The Journey from Batch to Real-Time With Change Data Capture
Using change data capture (CDC) technology to produce consumable data for microservices
In today’s digital era, customers require that services are always available with the most recent data. However, many financial applications across the industry are still batch monoliths and perform batch based processing periodically (often daily), against a presented data set. This creates challenges for data consumers that want to react quickly to data changes as they happen. Ultimately processing can only progress as fast as the slowest dependency.
How can we solve this? Decomposing the monolith into microservices is a start, but if the data publishing is still happening once a day it won’t solve the problem. Using a Reactive Architecture gets you closer to solving the problem as decoupled microservices publish events to an Event Stream. However, the same problem will exist if those events are batched up with microservices. To address the problem, we have to start at the data producer and their data publishing pattern.

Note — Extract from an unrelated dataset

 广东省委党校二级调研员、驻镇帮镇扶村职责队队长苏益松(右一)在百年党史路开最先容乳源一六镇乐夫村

In this article, we will discuss taking the microservice reactive pattern a step further by applying the Event Sourcing pattern and using what’s known as Change Data Capture (CDC). CDC is a modern technique that leverages Event Sourcing to stream data updates in real-time as changes are made to a database. This enables microservices consumers to subscribe to a stream and get real-time updates as they occur in a financial application. In this article, we will provide :
An overview of Change Data Capture (CDC) and event sourcing
What is change data capture (CDC) ?
CDC originally came about as an alternative to batch based data replication. At one point in time, data replication required systems to go offline as they copied an entire database from source to destination. CDC improved on this by providing continuous replication on much smaller datasets — at the individual event level. Most databases have a transaction log that keeps track of all of the transactions on a database. CDC technologies typically read this transaction log and provide interfaces to stream out the transactions as they happen to stream technologies such as Kafka. Consumer applications then consume them by subscribing to a particular topic.

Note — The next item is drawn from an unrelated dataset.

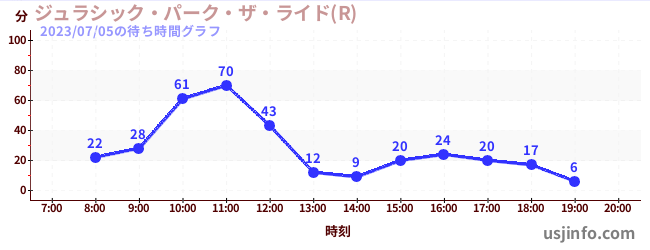 • ジュラシック・パーク・ザ・ライド(R)$B$N(B2023年07月05日の待ち時間

As the transactions are streamed out onto an Event Stream, they are considered Events. This follows a Reactive Architecture style, meaning the consumer applications/microservices can be pre-programmed to react to particular events and are decoupled from the producer. Before service-oriented architecture (SOA) was fully adopted in the tech industry, a common anti-pattern was consumer applications connected directly to the producer application database. This often caused performance issues for the producer, as the consumer ran costly queries against the producers operational database. Additionally, it tightly coupled the consumer to the producer’s data model. Whenever the producer made a change, the consumer had to change otherwise they broke. This also resulted in a lack of transparency of how the producer’s data was being consumed. With the SOA and Microservice architectural styles, we always want to decouple the producer and consumer by leveraging an interface with a contract to provide a degree of abstraction. In the example illustration above, the abstraction is Kafka, but it could just as easily be an API.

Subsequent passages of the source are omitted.